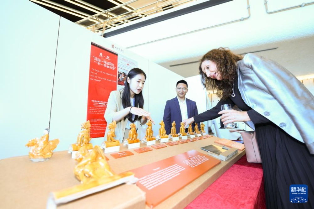 6月16日,在瑞士日內(nèi)瓦萬國宮,嘉賓在“人人享有無障礙:構(gòu)建包容未來”主題展覽上了解故宮博物院推出的脊獸。新華社記者 連漪 攝
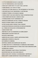 Jenny Holzer conceived of Truisms while she was enrolled in the Whitney Museum of American Art’s independent study program. Faced with a vast reading list of canonical literature, Holzer distilled the texts into single-sentence declarations, which she later organised into alphabetised lists. Presented side by side without context, each of these so-called statements of fact are revealed to be merely one of many possible perspectives. When Truisms was first displayed as anonymous street posters in New York from 1977 to 1979, members of the public responded by suggesting revisions or crossing out sentences they disagreed with. Since then, Truisms has been presented in various formats, including kinetic LED signs and t-shirts. In each iteration, the series transforms an everyday encounter with language into an opportunity for critical reflection or debate.
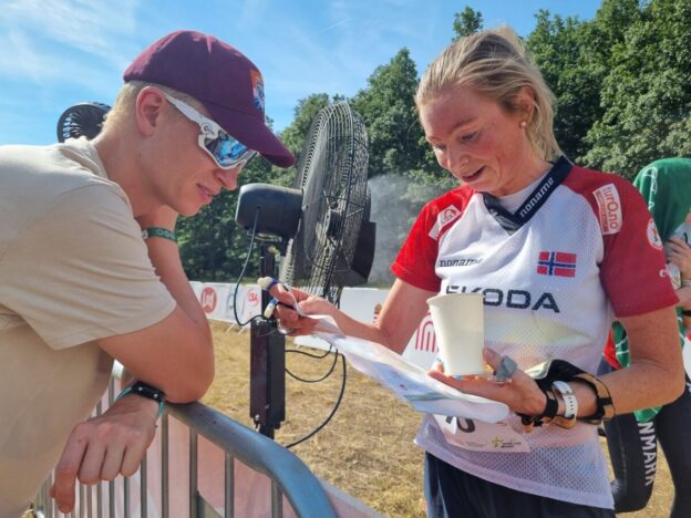 Paul var veldig godt fornøyd med Gørils gjennomføring i dag. Gøril sprank med brekket litt på, for ikke å gå på noen bom. Og for å holde ut i varmen. Med trygg løping gikk hun nesten klokkerent. Gøril var også veldig fornøyd med Pauls arbeid i forkant av EM. De har studert gamle kart og flybilder over terrengene. Paul kunne fortelle at han hadde tippet bådde riktig startplass og en del aktuelle strekk. Godt jobbet!
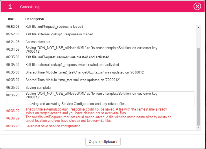 for every XSLT file from the original customer’s data, for which an XSLT file with the same URI exists in target customer’s data - no changes are made to target XSLT file, an error for failed XSLT save is reported in CFT Console;
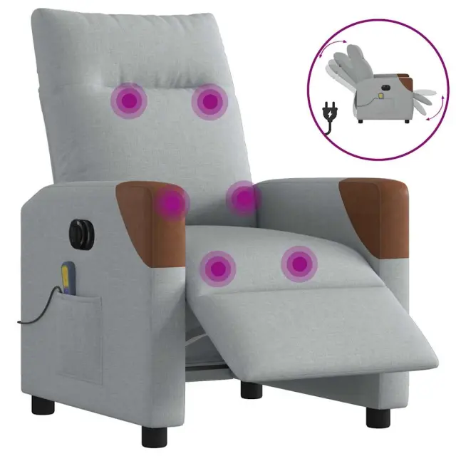 vidaXL Električni masažni naslanjač svetlo sivo blago
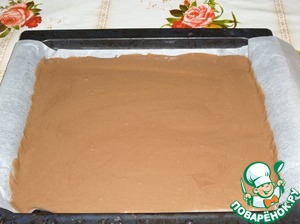 Выкладываем тесто на противень, застеленный пергаментом. Равномерно распределяем. Ставим противень в разогретую духовку.
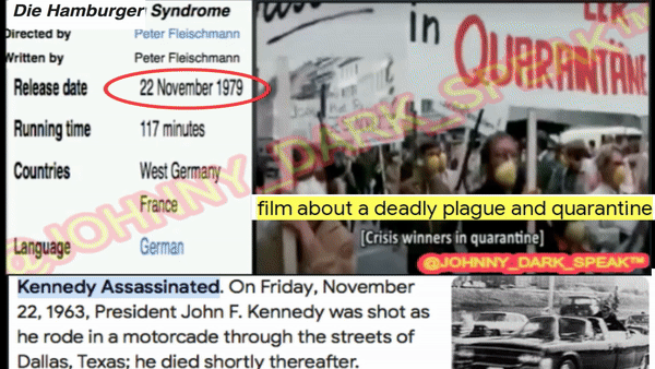 Meow meow I was shocked at how JFK ASSASSINATION NEWS from the 60’s was bringing up current events/news of 2020’s meow meow and after reviewing the Family Guy Mayor McCheese JFK video, I realized how this is showing the DIE HAMBURGER !!! DIE HAMBURGER aka The Hamburg Syndrome is a German film from the 70’s about a SICK SICK SICKness (666) upon the world and how FACEMASKS/QUARANTINE would bee the response one day for a sudden virus…well it turns out this film was released the same exact day as the JFK ASSASSINATION, Nov. 22nd…now if U read into some lore about Mayor McCheese, U will see he was mentioned as being in the Clerks Animated Series back in 2000/2002 about a DEADLY VIRUS OUTBREAK which results in QUARANTINE take a look here

===

### Work to be completed:
Give back the material above word for word; no picture belongs in it.

### Output of the task:
 6月16日,在瑞士日內(nèi)瓦萬國宮,嘉賓在“人人享有無障礙:構(gòu)建包容未來”主題展覽上了解故宮博物院推出的脊獸。新華社記者 連漪 攝
 Jenny Holzer conceived of Truisms while she was enrolled in the Whitney Museum of American Art’s independent study program. Faced with a vast reading list of canonical literature, Holzer distilled the texts into single-sentence declarations, which she later organised into alphabetised lists. Presented side by side without context, each of these so-called statements of fact are revealed to be merely one of many possible perspectives. When Truisms was first displayed as anonymous street posters in New York from 1977 to 1979, members of the public responded by suggesting revisions or crossing out sentences they disagreed with. Since then, Truisms has been presented in various formats, including kinetic LED signs and t-shirts. In each iteration, the series transforms an everyday encounter with language into an opportunity for critical reflection or debate.
 Paul var veldig godt fornøyd med Gørils gjennomføring i dag. Gøril sprank med brekket litt på, for ikke å gå på noen bom. Og for å holde ut i varmen. Med trygg løping gikk hun nesten klokkerent. Gøril var også veldig fornøyd med Pauls arbeid i forkant av EM. De har studert gamle kart og flybilder over terrengene. Paul kunne fortelle at han hadde tippet bådde riktig startplass og en del aktuelle strekk. Godt jobbet!
 for every XSLT file from the original customer’s data, for which an XSLT file with the same URI exists in target customer’s data - no changes are made to target XSLT file, an error for failed XSLT save is reported in CFT Console;
 vidaXL Električni masažni naslanjač svetlo sivo blago
 Выкладываем тесто на противень, застеленный пергаментом. Равномерно распределяем. Ставим противень в разогретую духовку.
 Meow meow I was shocked at how JFK ASSASSINATION NEWS from the 60’s was bringing up current events/news of 2020’s meow meow and after reviewing the Family Guy Mayor McCheese JFK video, I realized how this is showing the DIE HAMBURGER !!! DIE HAMBURGER aka The Hamburg Syndrome is a German film from the 70’s about a SICK SICK SICKness (666) upon the world and how FACEMASKS/QUARANTINE would bee the response one day for a sudden virus…well it turns out this film was released the same exact day as the JFK ASSASSINATION, Nov. 22nd…now if U read into some lore about Mayor McCheese, U will see he was mentioned as being in the Clerks Animated Series back in 2000/2002 about a DEADLY VIRUS OUTBREAK which results in QUARANTINE take a look here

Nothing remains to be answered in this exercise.